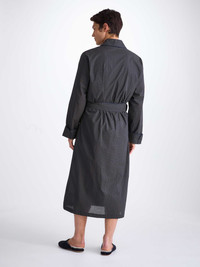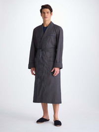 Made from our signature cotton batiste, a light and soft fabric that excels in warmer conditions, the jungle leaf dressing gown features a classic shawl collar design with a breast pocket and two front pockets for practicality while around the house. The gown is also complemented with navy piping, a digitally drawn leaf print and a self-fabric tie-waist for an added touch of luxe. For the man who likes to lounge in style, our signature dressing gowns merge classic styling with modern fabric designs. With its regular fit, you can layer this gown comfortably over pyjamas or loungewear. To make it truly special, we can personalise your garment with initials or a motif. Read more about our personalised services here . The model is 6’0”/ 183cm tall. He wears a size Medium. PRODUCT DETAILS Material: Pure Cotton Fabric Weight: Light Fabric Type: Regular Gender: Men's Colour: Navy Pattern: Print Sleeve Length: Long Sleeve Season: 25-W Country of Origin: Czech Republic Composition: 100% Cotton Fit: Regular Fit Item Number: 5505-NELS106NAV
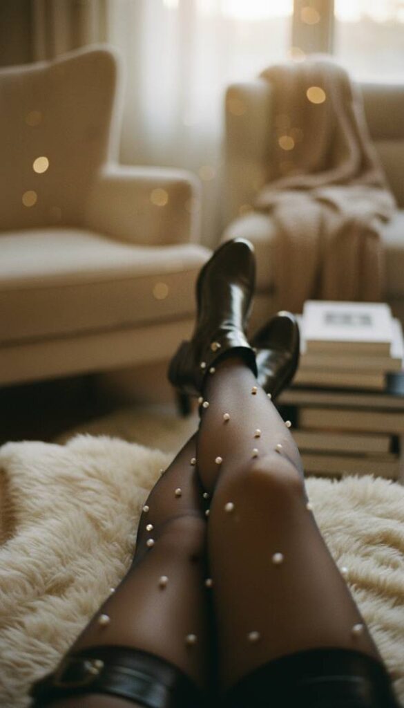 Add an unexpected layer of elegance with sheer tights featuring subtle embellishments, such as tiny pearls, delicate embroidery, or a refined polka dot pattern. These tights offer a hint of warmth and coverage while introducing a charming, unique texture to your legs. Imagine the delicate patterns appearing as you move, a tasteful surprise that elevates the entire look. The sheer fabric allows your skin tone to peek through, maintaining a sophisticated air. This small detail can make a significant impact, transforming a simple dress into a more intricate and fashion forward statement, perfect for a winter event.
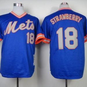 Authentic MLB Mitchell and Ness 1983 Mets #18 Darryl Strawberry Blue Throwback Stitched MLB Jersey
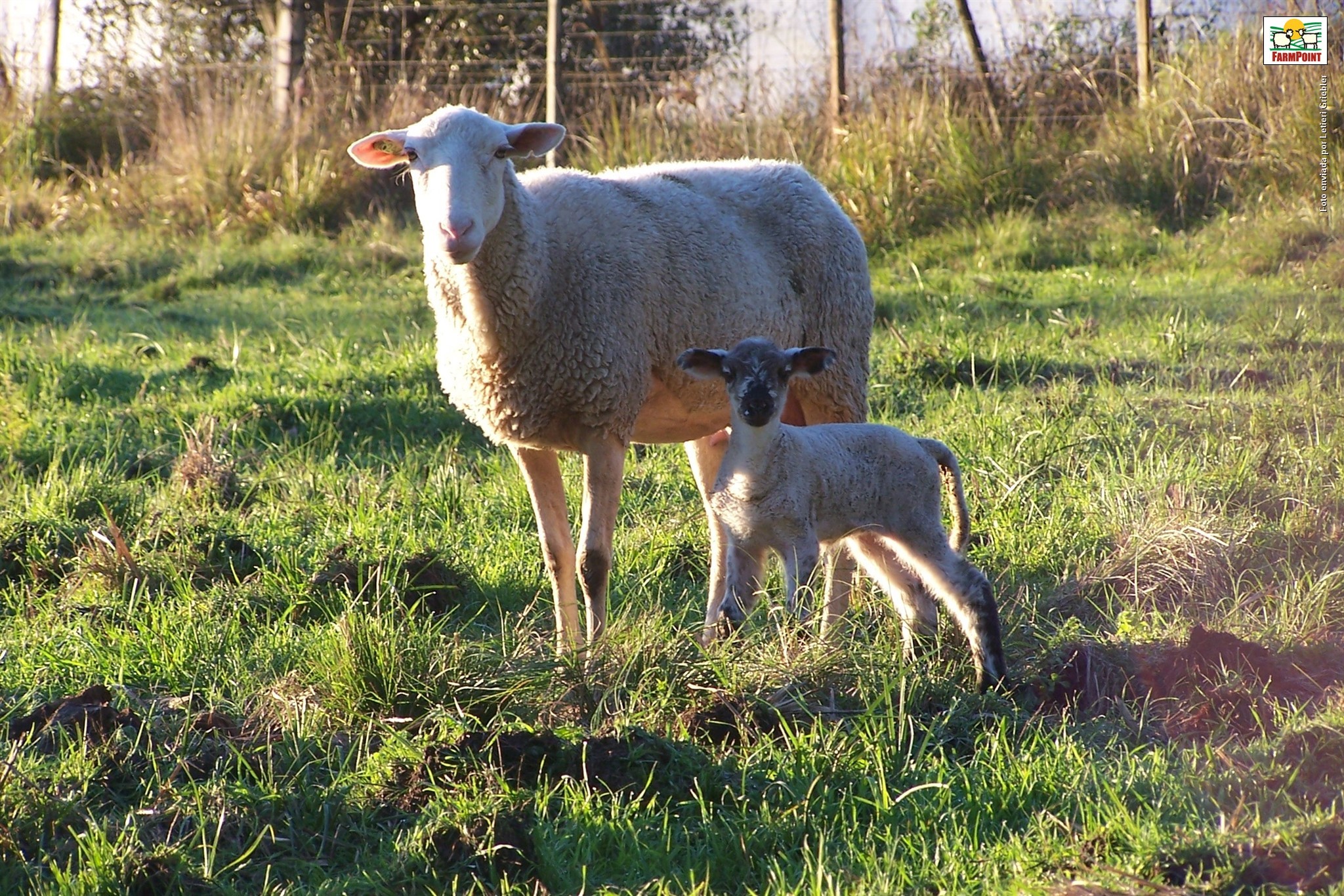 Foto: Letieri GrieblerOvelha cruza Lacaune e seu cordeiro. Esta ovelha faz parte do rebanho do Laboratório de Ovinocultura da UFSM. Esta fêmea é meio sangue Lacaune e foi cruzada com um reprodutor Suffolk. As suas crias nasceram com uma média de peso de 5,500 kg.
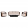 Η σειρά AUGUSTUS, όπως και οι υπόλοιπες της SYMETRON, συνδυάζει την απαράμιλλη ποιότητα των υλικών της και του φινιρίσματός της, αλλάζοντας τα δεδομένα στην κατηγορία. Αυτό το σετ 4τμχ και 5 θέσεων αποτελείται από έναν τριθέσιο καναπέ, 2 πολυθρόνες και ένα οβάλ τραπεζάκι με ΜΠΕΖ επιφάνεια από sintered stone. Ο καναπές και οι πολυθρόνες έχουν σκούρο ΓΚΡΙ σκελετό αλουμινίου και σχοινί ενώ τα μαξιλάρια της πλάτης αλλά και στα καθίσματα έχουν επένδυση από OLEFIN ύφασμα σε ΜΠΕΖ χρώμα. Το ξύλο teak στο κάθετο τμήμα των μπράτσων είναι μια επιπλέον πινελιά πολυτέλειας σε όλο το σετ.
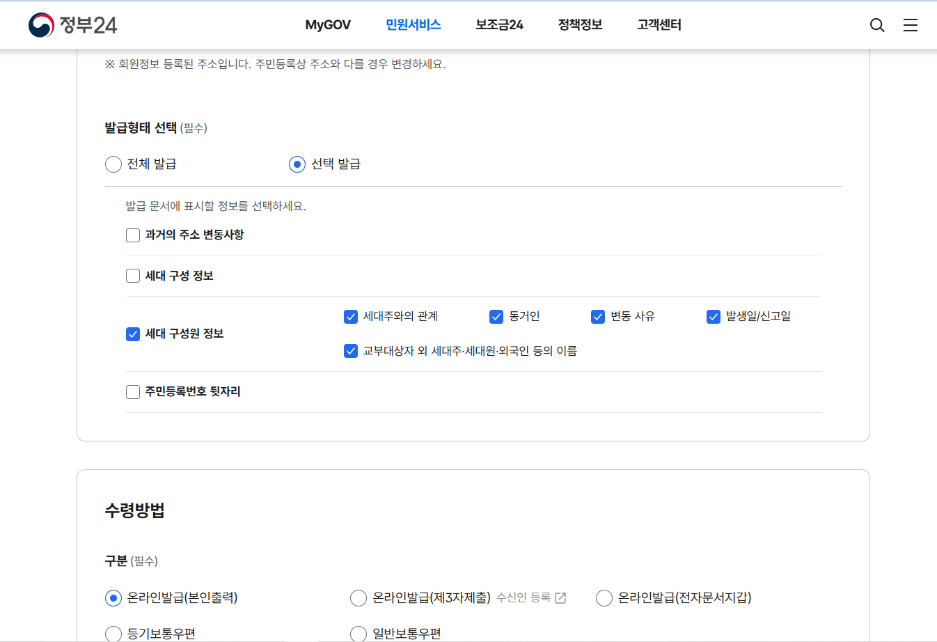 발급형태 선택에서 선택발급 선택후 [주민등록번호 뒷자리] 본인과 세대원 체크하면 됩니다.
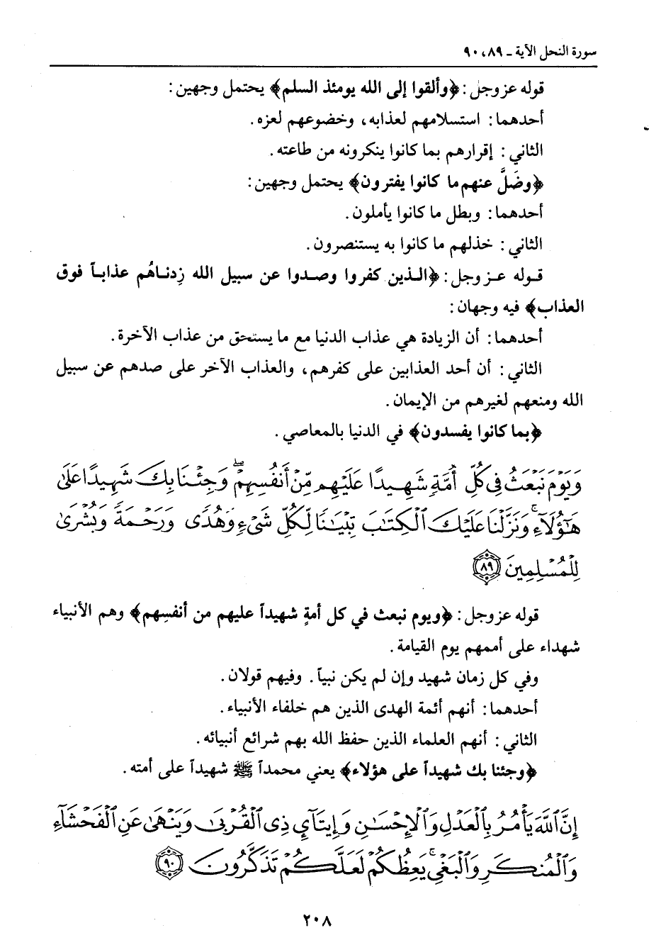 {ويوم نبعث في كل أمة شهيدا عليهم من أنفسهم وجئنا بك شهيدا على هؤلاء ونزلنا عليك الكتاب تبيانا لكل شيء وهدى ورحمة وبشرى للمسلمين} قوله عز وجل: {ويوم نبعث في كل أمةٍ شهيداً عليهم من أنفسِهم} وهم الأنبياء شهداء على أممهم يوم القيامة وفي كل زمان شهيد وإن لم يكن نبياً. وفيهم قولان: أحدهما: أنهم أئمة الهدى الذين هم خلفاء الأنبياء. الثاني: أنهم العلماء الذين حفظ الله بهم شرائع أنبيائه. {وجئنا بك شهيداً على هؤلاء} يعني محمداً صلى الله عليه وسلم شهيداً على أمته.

▬▬▬▬▬▬

ACTION ITEM:
Nothing but the pictures is to be left out; repeat the data exactly.

RESPONSE TO THE TASK:
 Made from our signature cotton batiste, a light and soft fabric that excels in warmer conditions, the jungle leaf dressing gown features a classic shawl collar design with a breast pocket and two front pockets for practicality while around the house. The gown is also complemented with navy piping, a digitally drawn leaf print and a self-fabric tie-waist for an added touch of luxe. For the man who likes to lounge in style, our signature dressing gowns merge classic styling with modern fabric designs. With its regular fit, you can layer this gown comfortably over pyjamas or loungewear. To make it truly special, we can personalise your garment with initials or a motif. Read more about our personalised services here . The model is 6’0”/ 183cm tall. He wears a size Medium. PRODUCT DETAILS Material: Pure Cotton Fabric Weight: Light Fabric Type: Regular Gender: Men's Colour: Navy Pattern: Print Sleeve Length: Long Sleeve Season: 25-W Country of Origin: Czech Republic Composition: 100% Cotton Fit: Regular Fit Item Number: 5505-NELS106NAV
 Add an unexpected layer of elegance with sheer tights featuring subtle embellishments, such as tiny pearls, delicate embroidery, or a refined polka dot pattern. These tights offer a hint of warmth and coverage while introducing a charming, unique texture to your legs. Imagine the delicate patterns appearing as you move, a tasteful surprise that elevates the entire look. The sheer fabric allows your skin tone to peek through, maintaining a sophisticated air. This small detail can make a significant impact, transforming a simple dress into a more intricate and fashion forward statement, perfect for a winter event.
 Authentic MLB Mitchell and Ness 1983 Mets #18 Darryl Strawberry Blue Throwback Stitched MLB Jersey
 Foto: Letieri GrieblerOvelha cruza Lacaune e seu cordeiro. Esta ovelha faz parte do rebanho do Laboratório de Ovinocultura da UFSM. Esta fêmea é meio sangue Lacaune e foi cruzada com um reprodutor Suffolk. As suas crias nasceram com uma média de peso de 5,500 kg.
 Η σειρά AUGUSTUS, όπως και οι υπόλοιπες της SYMETRON, συνδυάζει την απαράμιλλη ποιότητα των υλικών της και του φινιρίσματός της, αλλάζοντας τα δεδομένα στην κατηγορία. Αυτό το σετ 4τμχ και 5 θέσεων αποτελείται από έναν τριθέσιο καναπέ, 2 πολυθρόνες και ένα οβάλ τραπεζάκι με ΜΠΕΖ επιφάνεια από sintered stone. Ο καναπές και οι πολυθρόνες έχουν σκούρο ΓΚΡΙ σκελετό αλουμινίου και σχοινί ενώ τα μαξιλάρια της πλάτης αλλά και στα καθίσματα έχουν επένδυση από OLEFIN ύφασμα σε ΜΠΕΖ χρώμα. Το ξύλο teak στο κάθετο τμήμα των μπράτσων είναι μια επιπλέον πινελιά πολυτέλειας σε όλο το σετ.
 발급형태 선택에서 선택발급 선택후 [주민등록번호 뒷자리] 본인과 세대원 체크하면 됩니다.
 {ويوم نبعث في كل أمة شهيدا عليهم من أنفسهم وجئنا بك شهيدا على هؤلاء ونزلنا عليك الكتاب تبيانا لكل شيء وهدى ورحمة وبشرى للمسلمين} قوله عز وجل: {ويوم نبعث في كل أمةٍ شهيداً عليهم من أنفسِهم} وهم الأنبياء شهداء على أممهم يوم القيامة وفي كل زمان شهيد وإن لم يكن نبياً. وفيهم قولان: أحدهما: أنهم أئمة الهدى الذين هم خلفاء الأنبياء. الثاني: أنهم العلماء الذين حفظ الله بهم شرائع أنبيائه. {وجئنا بك شهيداً على هؤلاء} يعني محمداً صلى الله عليه وسلم شهيداً على أمته.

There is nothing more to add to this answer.